V1 — Human-in-the-Loop
Insert mandatory human review and approval at defined decision boundaries before the agent proceeds — the agent blocks until a human approves, rejects, or modifies the plan.
Also Known As: HITL, Approval Gate, Human Checkpoint, Mandatory Review Gate. (V1 is distinct from — and in direct tension with — V2 Human-on-the-Loop; see Related Patterns.)
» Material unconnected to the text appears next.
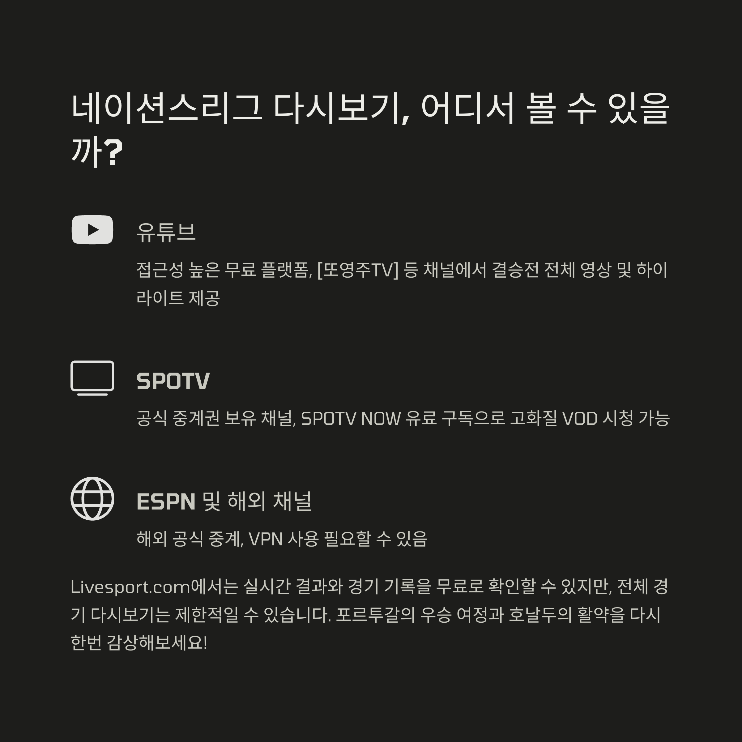 Q5. 네이션스리그 결승전 다시 보기는 어디서 가능한가요?

Classification: Category V — Reliability · Band V-A Safety and Security · the blocking oversight pattern — the agent cannot proceed past the checkpoint without a human verdict.
Intent
Make the agent halt at the boundary of any action whose cost-of-error exceeds the cost-of-delay, surface the planned action to a human in interpretable form, and resume only on an explicit verdict — so that irreversible, novel, or high-blast-radius actions never execute autonomously.
Motivation
Autonomous agent failure is the dominant production risk for agentic systems. The Composio AI Agent Report (2025) finds 88% of agent projects never reach production, and the most-cited cause is that fully autonomous behaviour in high-stakes contexts destroys value rather than creating it. The pattern that solves this — at the cost of latency — is to block the agent at chosen boundaries until a human approves the next step.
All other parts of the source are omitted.